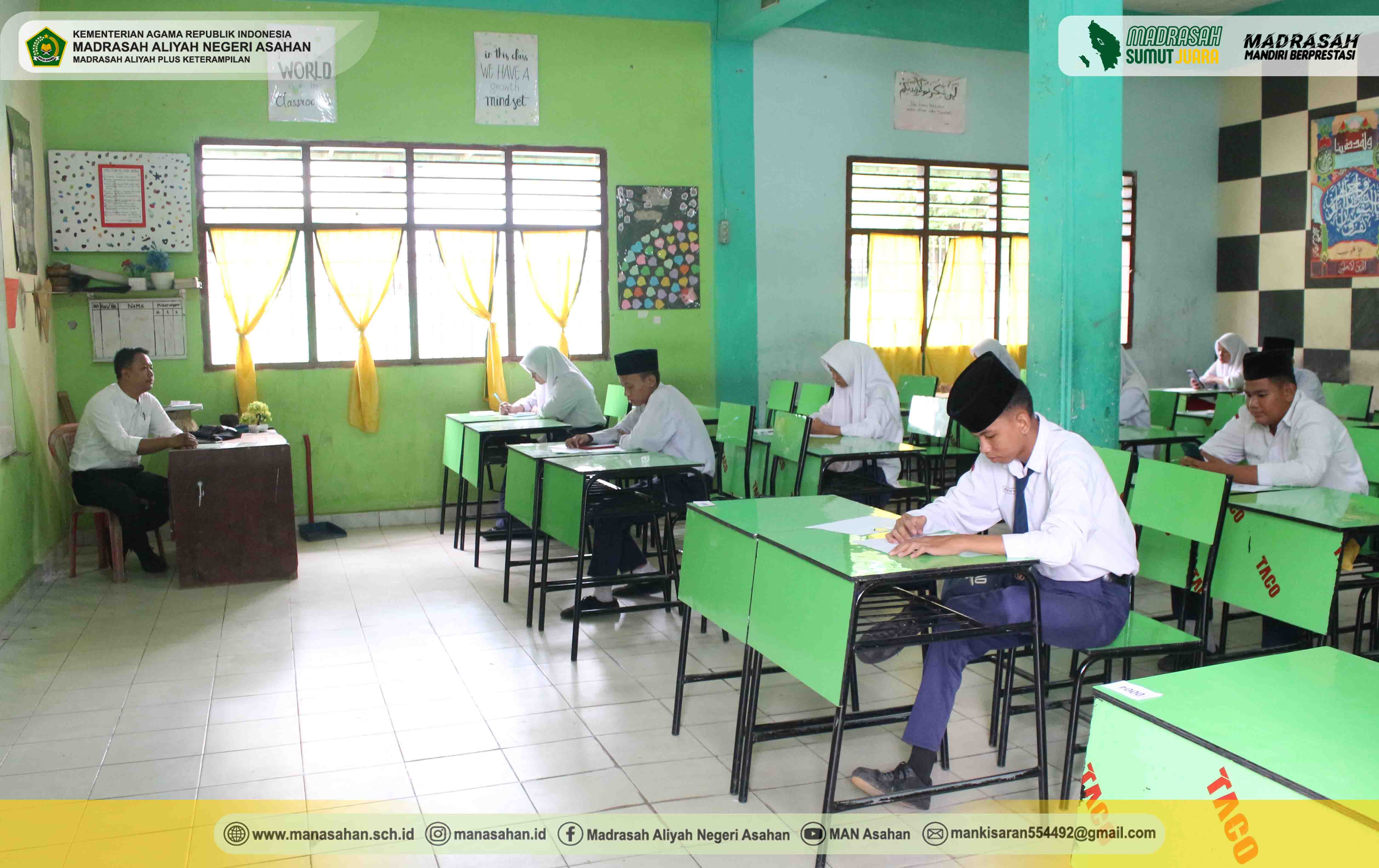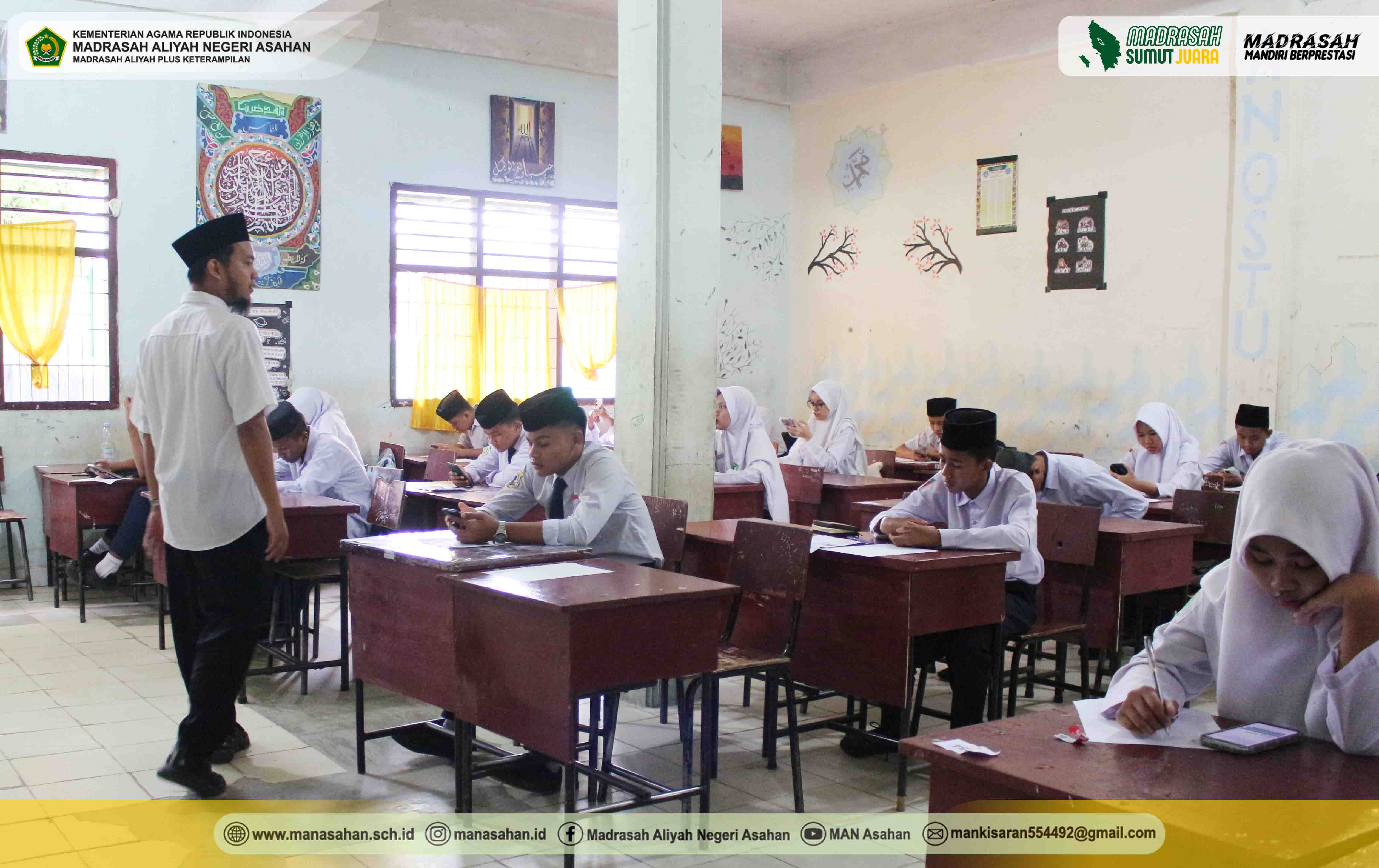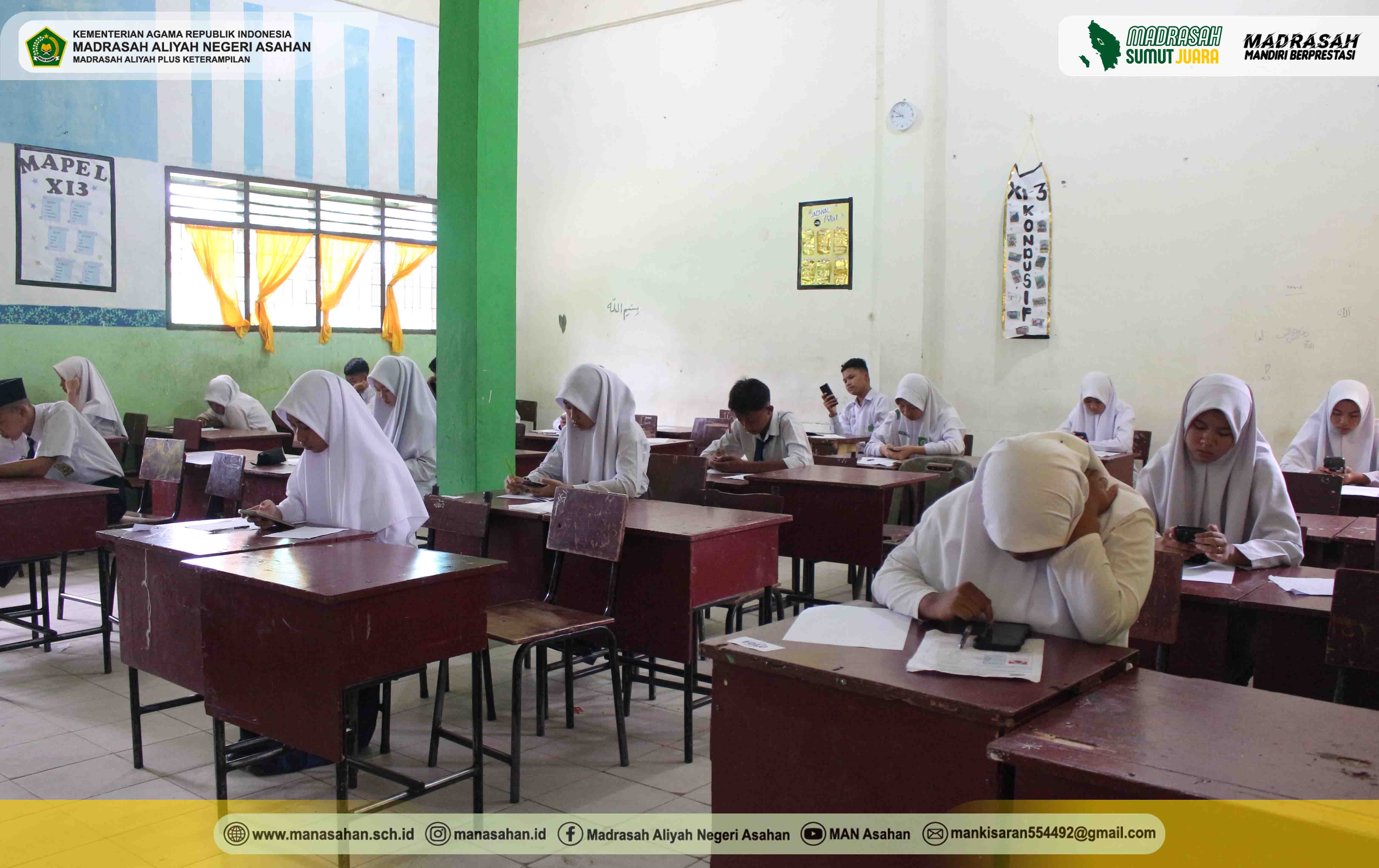 “Waktu pelaksanaan tes akademik selama 90 menit, dimulai pukul 08.00 s.d 09.30 WIB. Jika nanti pada saat pelaksanaannya terdapat kendala, ananda semua silahkan lapor ke bapak dan ibu pengawas ruangan supaya dibantu untuk mengatasinya. Jika gadget androidnya tidak memungkinkan untuk digunakan, silahkan ananda gunakan laptop yang telah tersedia di ruang laboratorium komputer MAN Asahan, nanti disitu ada petugas yang standby mengawasi”, lanjut Elda Ayumi.
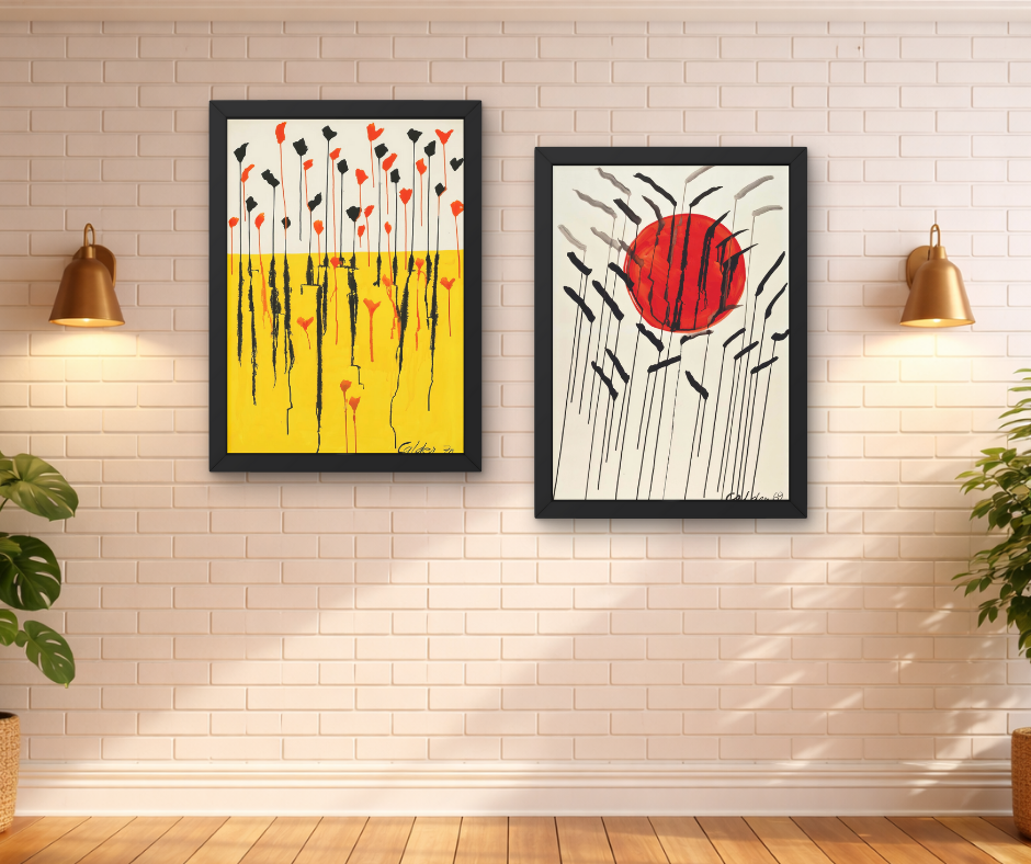 Add a touch of artistic storytelling to your walls with this abstract nature wall art set. Inspired by elements of nature, the artwork combines a vibrant red sun with expressive floral strokes, creating a beautiful blend of emotion and minimal design.
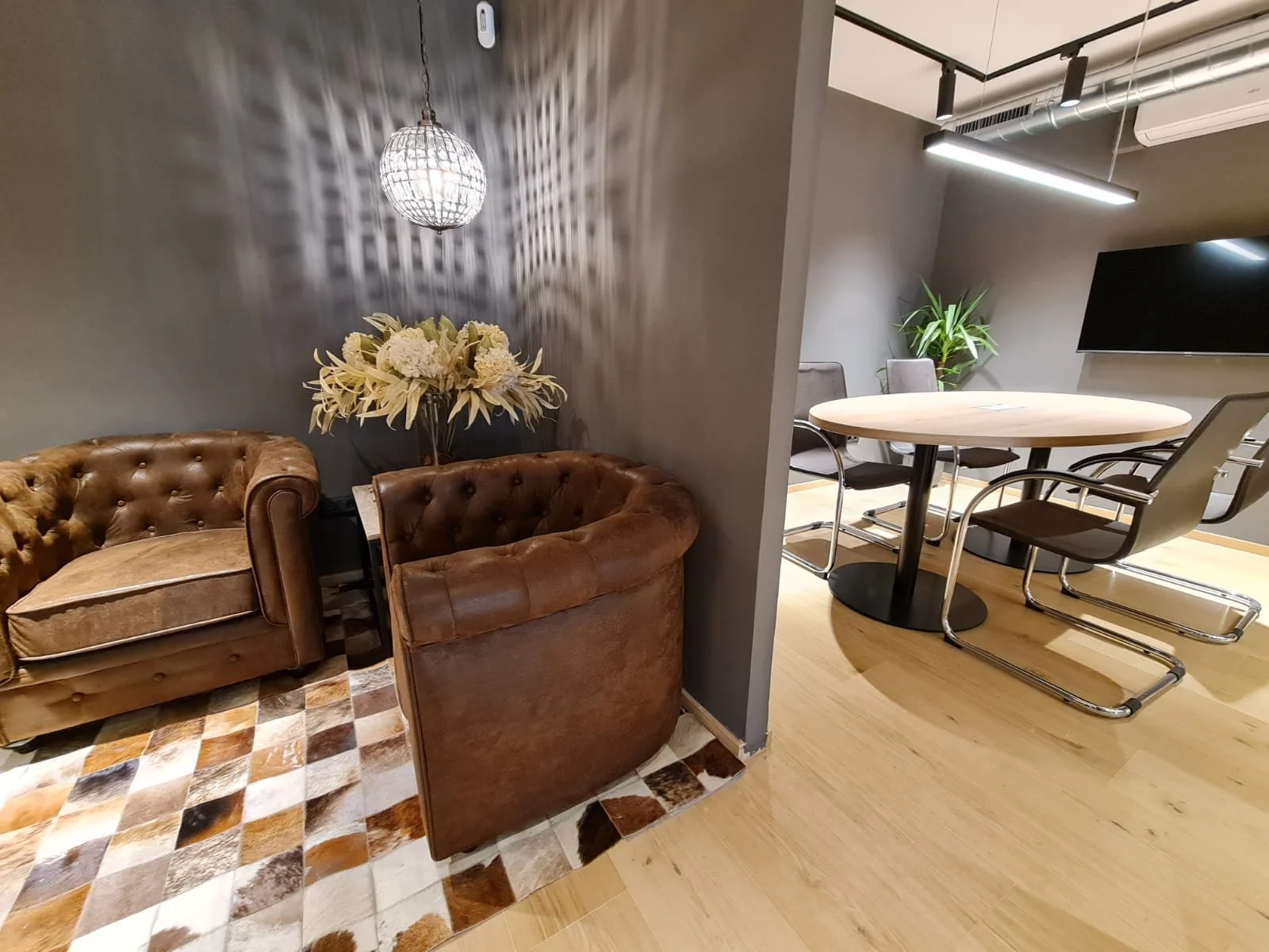 Espacio equipado para encuentros profesionales con total privacidad. Incluye mesa de reuniones, 4 sillas, enchufes, cortinas para mayor intimidad, aire acondicionado y televisión para videollamadas o presentaciones.
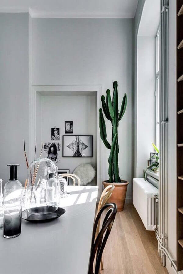 O cacto transforma cria uma atmosfera agradável na sala de jantar.
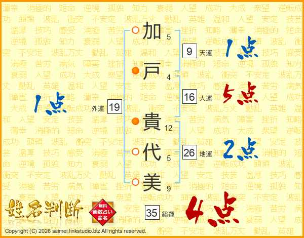 加(5画)戸(4画) 貴(12画)代(5画)美(9画)
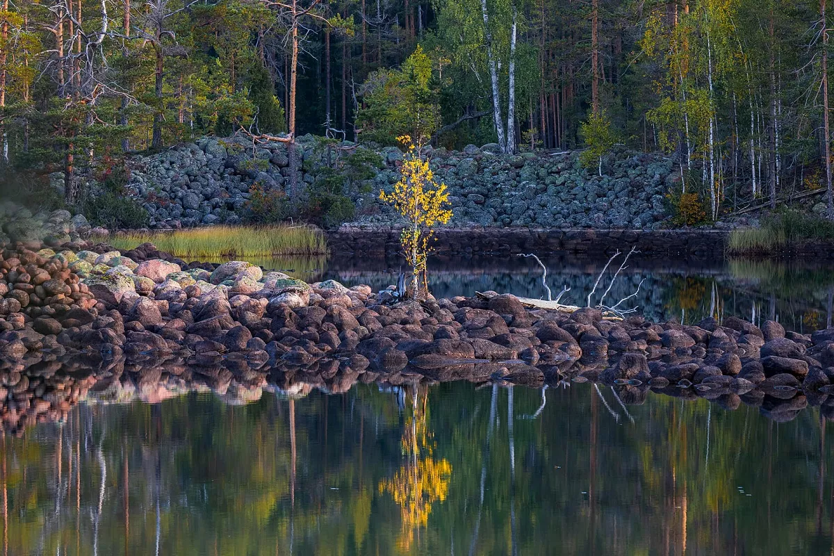 Это большая разноцветная скала в Ладожском озере, к которой ведет тропинка через древний еловый лес с замшелыми камнями.
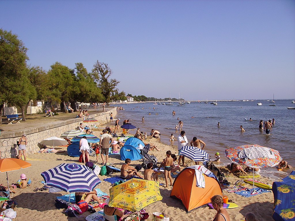A côté du port Ostréicole d’Andernos les Bains et de son église de St Eloi, on trouve une agréable plage de sable qui s’étend jusqu’au centre-ville. Très fréquentée en été, on y vient pour jouer sur le sable ou se faire bronzer à marée basse et se baigner à marée haute (on a pied très loin). Lorsque les coefficients sont très élevés, la plage peut complétement disparaitre pendant quelques heures.
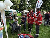 Der BRK-Kreisverband Bad Tölz - Wolfratshausen brachte am 21. September auf dem ISARSANA Lernfest, im Kurpark Bad Tölz, Interessierten Besuchern Erste-Hilfe-Handgriffe bei.
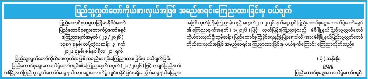 ရွေးကောက်ပွဲများ ကျင်းပနိုင်ခြင်းမရှိသည့် နယ်မြေများစာရင်း ထုတ်ပြန်ကြေညာ
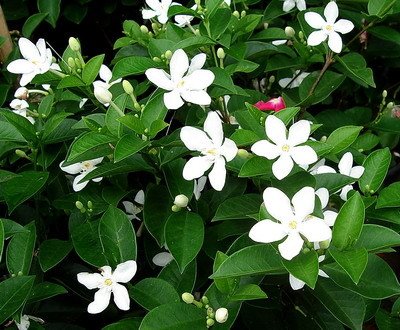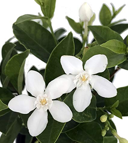 Lá Mai Chỉ Thiên màu xanh đậm dài khoảng 2,5 đến 6 cm và được sắp xếp đối nghịch. Hoa có năm cánh hoa, màu trắng, hình ống, hình ngôi sao có tâm màu vàng. Những bông hoa nở quanh năm ngay cả trong khu vực khó khăn.
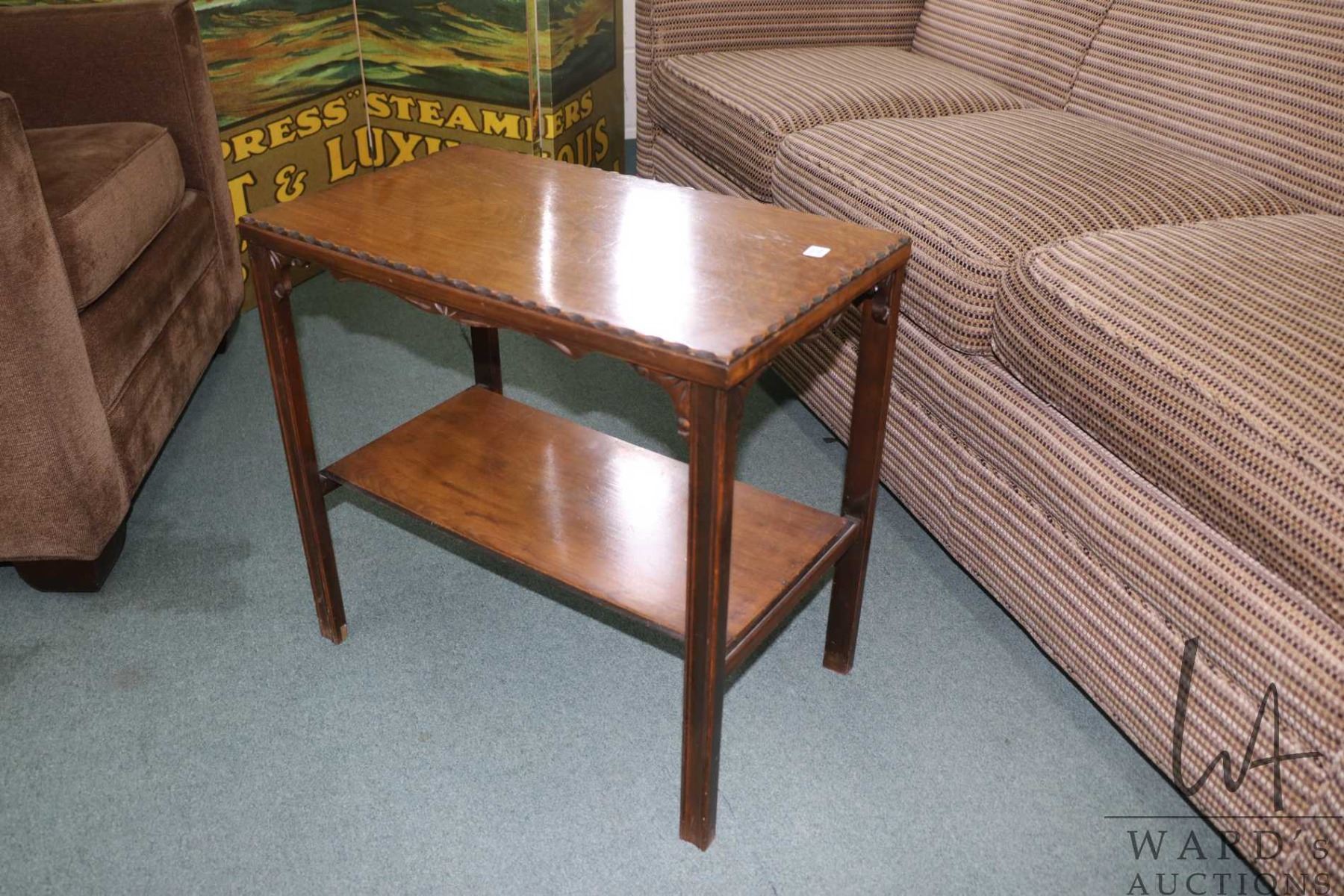 Antique two tier side table with sculpted edge, 23" H X 24" X 14"
******
EXERCISE OBJECTIVE - Quote, without alteration, the lines running from the line containing "加(5画)戸(4画) 貴(12画)代(5画)美(9画)" to the last line of the entries, and include no pictures.

ANSWER TO THE PROBLEM -
 加(5画)戸(4画) 貴(12画)代(5画)美(9画)
 Это большая разноцветная скала в Ладожском озере, к которой ведет тропинка через древний еловый лес с замшелыми камнями.
A côté du port Ostréicole d’Andernos les Bains et de son église de St Eloi, on trouve une agréable plage de sable qui s’étend jusqu’au centre-ville. Très fréquentée en été, on y vient pour jouer sur le sable ou se faire bronzer à marée basse et se baigner à marée haute (on a pied très loin). Lorsque les coefficients sont très élevés, la plage peut complétement disparaitre pendant quelques heures.
 Der BRK-Kreisverband Bad Tölz - Wolfratshausen brachte am 21. September auf dem ISARSANA Lernfest, im Kurpark Bad Tölz, Interessierten Besuchern Erste-Hilfe-Handgriffe bei.
 ရွေးကောက်ပွဲများ ကျင်းပနိုင်ခြင်းမရှိသည့် နယ်မြေများစာရင်း ထုတ်ပြန်ကြေညာ
 Lá Mai Chỉ Thiên màu xanh đậm dài khoảng 2,5 đến 6 cm và được sắp xếp đối nghịch. Hoa có năm cánh hoa, màu trắng, hình ống, hình ngôi sao có tâm màu vàng. Những bông hoa nở quanh năm ngay cả trong khu vực khó khăn.
 Antique two tier side table with sculpted edge, 23" H X 24" X 14"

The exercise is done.